How the Prompt Engineering Mistakes Quiz Works
The Prompt Engineering Mistakes Quiz tests your ability to identify common problems in real-world prompts. Each question presents a system prompt or user prompt with a specific issue, and you must identify what is wrong from four options. After answering, you see a detailed explanation of the mistake, why it causes problems in practice, and a before-and-after comparison showing how to fix it. The quiz covers 15 categories of mistakes that account for the vast majority of quality issues in production LLM applications.
The quiz is designed for both beginners learning prompt engineering fundamentals and experienced practitioners who want to validate their knowledge. The questions progress from obvious issues like vague instructions to subtle problems like instruction ordering effects and implicit assumption errors. Each question is based on mistakes observed in real production prompts, not theoretical edge cases. The fix suggestions are practical and immediately applicable to your own prompts.
The 15 Categories of Prompt Engineering Mistakes
Vagueness is the most common mistake and the easiest to fix. Prompts that say "be helpful" or "answer well" provide no actionable guidance to the model. The model interprets vague instructions differently on each call, producing inconsistent outputs. The fix is specificity: replace every vague adjective with a concrete instruction. "Be concise" becomes "answer in 2-3 sentences." "Be accurate" becomes "cite the source document for every claim." Specificity is the single highest-leverage improvement for any prompt.
Missing output format specification causes the second most production issues. When the prompt does not specify the expected output structure, the model chooses its own format, which varies between calls. One response might be a paragraph, the next a bullet list, the next a numbered list. Downstream code that parses the output breaks unpredictably. Always specify the exact output format: "Respond with a JSON object containing keys: summary (string), sentiment (positive/negative/neutral), confidence (float 0-1)."
Token waste occurs when system prompts include unnecessary context, redundant instructions, or excessive politeness that consumes tokens without changing model behavior. "You are an incredibly helpful, knowledgeable, and friendly assistant who always aims to provide the best possible answer to every question" can be compressed to "You are a helpful assistant." The model already tries to be helpful, so restating it wastes 15 tokens per request. At 10,000 requests per day, that is 150,000 wasted tokens daily, costing $0.45 per day with Sonnet pricing. Multiply this across every unnecessary token and the waste becomes significant.
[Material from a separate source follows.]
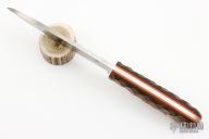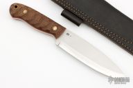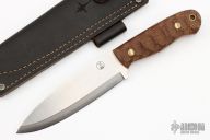 This Sospes by LT Wright features a satin finished scandi ground blade with .187" blade stock and 1.559" blade depth, full tang construction. The handle has brown burlap micarta scales with orange G-10 liners. Comes with original box and brown leather sheath. Excellent condition.

Hallucination risk increases when prompts encourage the model to answer questions it does not have information for. Prompts that do not include an "I don't know" escape hatch force the model to generate an answer even when it is uncertain. The fix is explicit uncertainty handling: "If the answer is not in the provided documents, say 'This information is not available in the provided context.' Do not guess or infer beyond what is explicitly stated." This instruction is the single most effective hallucination reduction technique and should be included in every factual system prompt.
Instruction ordering effects are a subtle mistake. Models pay more attention to instructions at the beginning and end of the system prompt than instructions in the middle. Burying the most important constraint in the middle of a long prompt reduces its effectiveness. Place your most critical instructions first and last. Format rules, safety constraints, and output specifications should be at the top. Secondary preferences and style guidelines can go in the middle.
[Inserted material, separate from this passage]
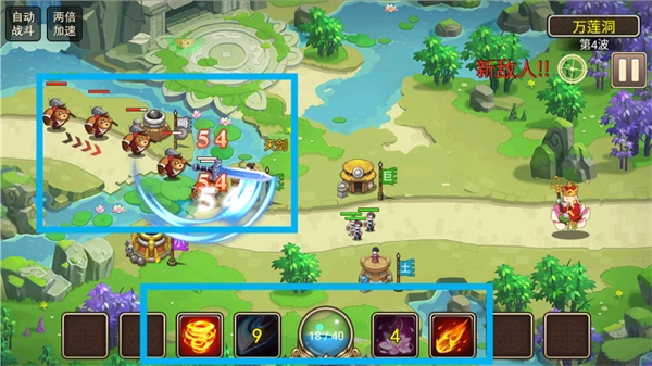 《塔防西游记》以中国古典名著《西游记》为创作蓝本,玩家可化身唐僧师徒或西游使者,在漫漫取经途中布设防御塔,阻挡妖魔鬼怪的侵扰。游戏采用Q萌的美术风格与唯美的场景设计,还原了花果山、龙宫、天庭等经典地点,同时融入“三打白骨精”“智取芭蕉扇”等原著经典剧情,使玩家在策略塔防的游玩过程中重温西游传奇故事。

Common Patterns in Bad Prompts
The kitchen sink prompt tries to handle every possible scenario in a single system prompt. It contains dozens of instructions covering every edge case the developer thought of, resulting in a 3,000-token prompt that the model struggles to follow consistently. The fix is to prioritize: identify the 5 most important instructions and cut everything else. If specific edge cases need handling, add them as conditional rules rather than blanket instructions.
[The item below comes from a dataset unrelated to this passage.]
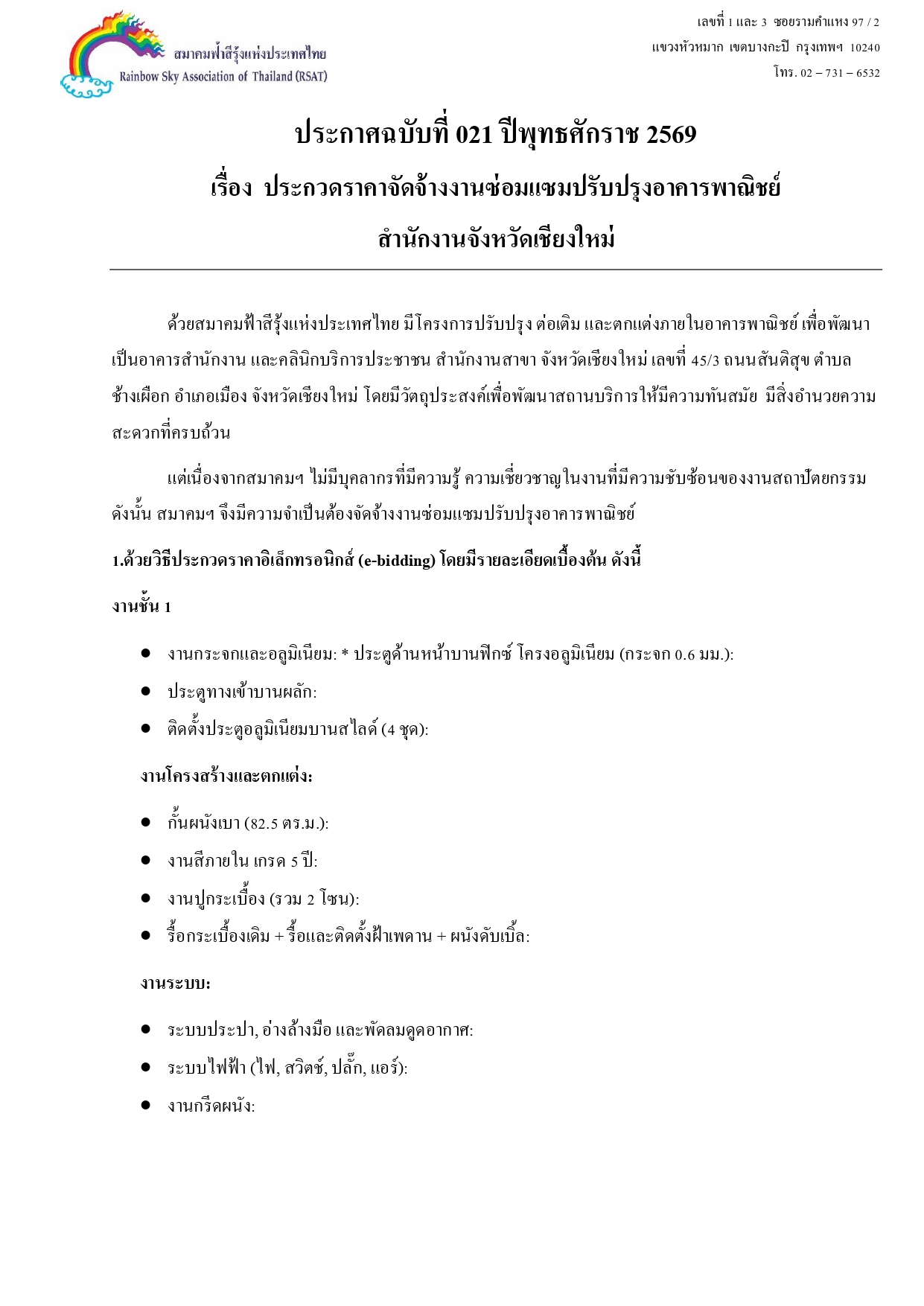 สมาคมฟ้าสีรุ้งแห่งประเทศไทย มีโครงการปรับปรุง ต่อเติม และตกแต่งภายในอาคารพาณิชย์ เพื่อพัฒนาเป็นอาคารสำนักงาน และคลินิกบริการประชาชน สำนักงานสาขา จังหวัดเชียงใหม่ เลขที่ 45/3 ถนนสันติสุข ตำบลช้างเผือก อำเภอเมือง จังหวัดเชียงใหม่ โดยมีวัตถุประสงค์เพื่อพัฒนาสถานบริการให้มีความทันสมัย มีสิ่งอำนวยความสะดวกที่ครบถ้วน

The conflicting instruction prompt gives the model contradictory directions. "Be concise" followed by "provide thorough explanations" three paragraphs later creates a conflict the model resolves unpredictably. Review your prompt for contradictions by reading each instruction in isolation and checking whether any pair conflicts. When you need both conciseness and thoroughness, be explicit about when each applies: "For simple questions, answer in 1-2 sentences. For complex questions, provide a detailed explanation."
The role confusion prompt assigns a role that conflicts with the task. "You are a creative storyteller" combined with "extract the exact dollar amounts from this invoice" confuses the model about whether to prioritize creative interpretation or exact extraction. The role should match the primary task. For extraction tasks, use roles like "precise data extractor." For creative tasks, use roles like "creative writer." Mismatched roles degrade output quality on the primary task.
Privacy and Local Execution
The Prompt Engineering Mistakes Quiz runs entirely in your browser. Quiz questions, answers, scores, and progress are processed client-side using JavaScript. No data is sent to any server. There are no accounts, no cookies, no analytics, and no server-side processing. Your quiz results remain completely private on your device.